What Triggered the Announcement
The policy directive came in response to a query raised during Question Hour by Shiv Sena MLA Dilip Lande, who flagged a sharp rise in unregulated public transport across major urban centres. Lande expressed particular concern over the safety of women and school students.
'The roads are currently flooded with illegal vehicles and unverified operators running bike-taxi services without proper registration, badges, or driving licences,' MLA Lande said in the House. 'A significant number of these operators have undergone zero police character verification, creating a massive security threat to daily commuters. The state government must launch a thorough investigation and register criminal cases against those flouting the rules.'
Scale of the Problem
Responding to the debate, Minister Sarnaik acknowledged that an estimated 4,00,000 to 4,50,000 app-based bike-taxis were operating unauthorisedly across the state without commercial clearance — a figure that underscores the scale of the grey market that has taken root. According to data tabled in the Assembly on Tuesday, enforcement squads intercepted nearly 1,000 vehicles operating illegally between April 2025 and May 2026, recovering more than ₹18.5 lakh in penalties. Despite these crackdowns, enforcement remained difficult because app-based platforms operated on unified national applications.

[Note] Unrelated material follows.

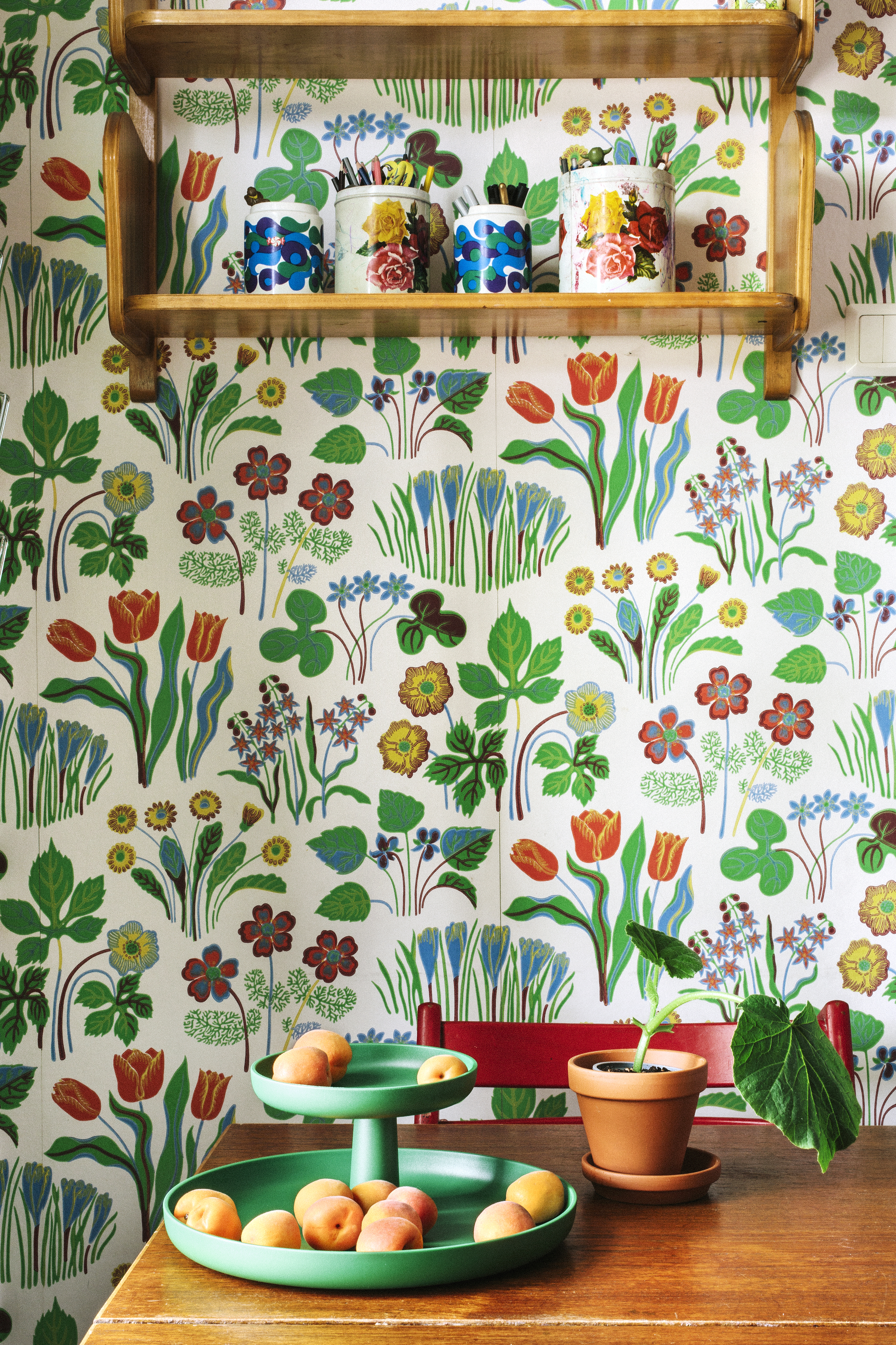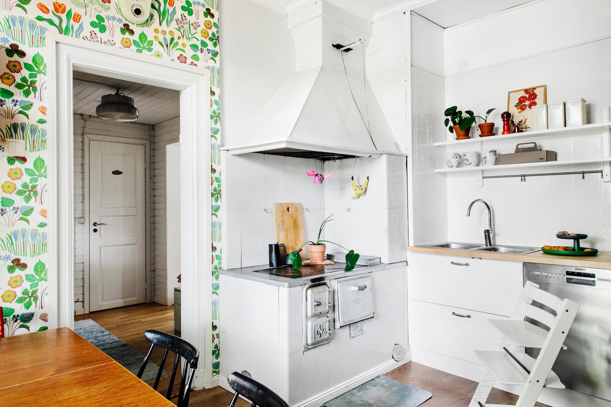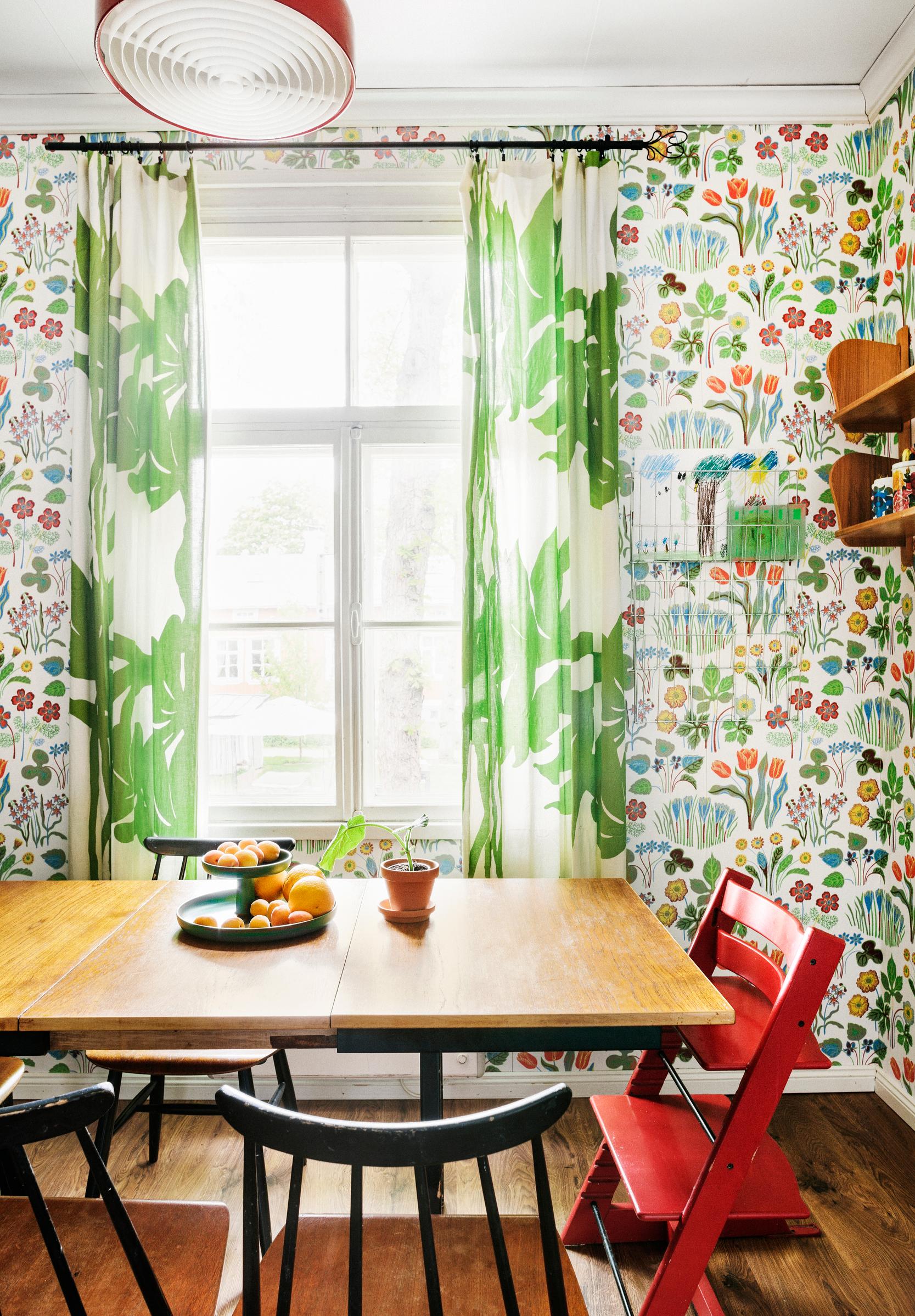 Erican ja Tuomon puutaloasunnossa ei sisusteta tyylipuhtaasti yhden aikakauden mukaan: riittää, että tavarat ovat perheelle sopivia ja kauniita katsella. Fillaripuutarhurin kotiin istuvat riemukkaat kukkatapetit ja viherkasvit.

'We are witnessing a dangerous trend where individuals from other states move to Maharashtra, purchase two-wheelers, and immediately begin operating commercial passenger services without valid documentation,' Sarnaik said. 'This will no longer be tolerated. To restore order and security, the state will only grant bike-taxi permits to applicants holding a valid Maharashtra Domicile Certificate,' he added.
A Shift from Outright Ban to Regulated Framework
Notably, the announcement marks a decisive pivot from the state's earlier stance of attempting to ban app-based bike-taxis entirely. Instead, the administration will formally legalise and regulate the sector under a structured framework with strict eligibility parameters. This comes amid a backdrop of sustained legal disputes — throughout the past year, the Maharashtra Transport Department had been locked in enforcement drives and court battles against major ride-hailing aggregators.
In 2025, the state had notified rules restricting bike-taxis exclusively to electric vehicles (EVs). However, app-based platforms continued deploying large fleets of petrol-powered private two-wheelers for commercial rides, exposing a significant loophole in regional transport authority (RTO) monitoring.
Triple Objective Ahead of Local Elections
The transition to a domicile-linked permit system serves three stated objectives for the state government: it establishes a definitive paper trail for every driver to enhance women's safety, introduces a new stream of non-tax revenue for the state, and reserves micro-entrepreneurship opportunities for local youth. The drafted rules have been dispatched to the Law and Judiciary Department for statutory clearance, according to Transport Department sources.
With the 1 August 2025 deadline approaching, the sector — and the hundreds of thousands of operators currently functioning without documentation — faces a hard reckoning.